Анна опять что-то рассыпала по краю полянки.
— Решила обновить круг-оберег, Семениха дала заговоренные камни, должно помочь. Давай поедим, у меня с собой есть хлеб.
Я разжег костер, спасибо Сереге, который подарил брелок с ножом и зажигалкой.
— Ловко получилось, — похвалила Анна.
— Это только в шалашах я не специалист, предпочитаю основательное строительство, — не преминул ввернуть дополнительный бонус в ее оценку.
— Да, я это поняла, ты нравишься мне все больше. Держи, — девушка протянула ломоть хлеба и кружку. Кружка оказалась одна на двоих, и мы пили по очереди.
— Нам еще что-то надо сделать?
— Не думаю, просто ждать. Ночи – самое страшное время, особенно первая. Мы еще не полностью перестроились. Главное, не поддаться ужасу. Я вот думаю, почему мы проходим это вдвоем?
— Наверное, чтобы иметь возможность поддержать друг друга.
— Ты скучаешь по Асе?
— Не знаю, мы долгое время были вместе, а сейчас я не уверен, что это не потерянное время. Это было…как это точнее выразить…
— Соседство.
— Да, соседство, когда вместе держит только привычка, терпимость к недостаткам друг друга. И в этой терпимости больше нелюбви, чем даже в неприятии. Когда я увидел ее с Матвеем, эта сцена так крепко запечатлелась во мне, будто в этот миг нашу связь отсекли чем-то острым. А ты? Думаешь о Матвее ты?
— Не знаю, это похоже на то, что ты описываешь. У нас разные интересы, разные друзья, я хотела детей, но он был против. Прошло слишком мало времени, когда мы врозь…
— Но какого времени! Вы тоже прятались от карантина?
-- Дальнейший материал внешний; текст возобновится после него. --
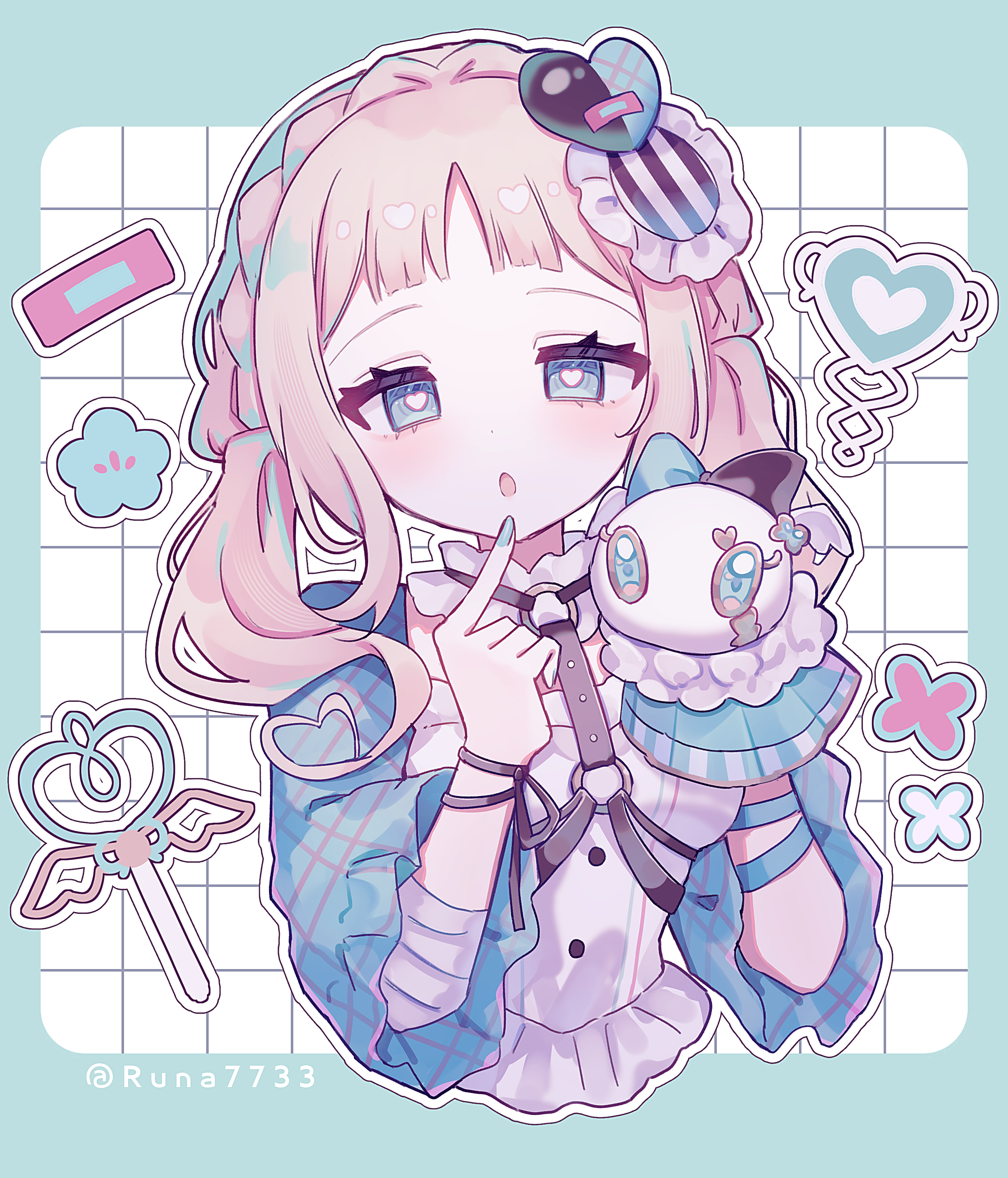 1girl :o absurdres bandaid blonde_hair blue_jacket border commentary_request cropped_torso finger_to_own_chin green_border green_eyes green_hair grid_background hair_ornament haishin_shoujo_no_uraaka_meikyuu hand_puppet harness heart heart-shaped_pupils heart_hair_ornament highres jacket kagura_kuroa looking_at_viewer multicolored_hair outline puppet runa_(runa7733) shirt simple_background solo staff streaked_hair symbol-shaped_pupils twintails twitter_username white_background white_shirt

— Да, решили, что на природе пережить ограничения проще. Матвей остался без работы, я тоже, кое-какие накопления у нас были. Туроператор заманил красивыми местами и загадочным озером. Почему-то озеро привлекло сильнее всего.
— И меня тоже… Ты видела его?
— Нет, мы попытались, но каждый раз просто блуждали по лесу. И каждый раз возвращались в дом другими, пока Матвей не отыскал в чулане старый сундук и не заговорил на диком диалекте… Чу, слышишь, — девушка напряглась.
— Запахло тухлым.
— Сера. Они пахнут серой, — она схватила меня за руку.
— Помни, они просто пугают, ничего они нам не сделают, если не впустим в себя страх, — ее губы пахли полевыми цветами.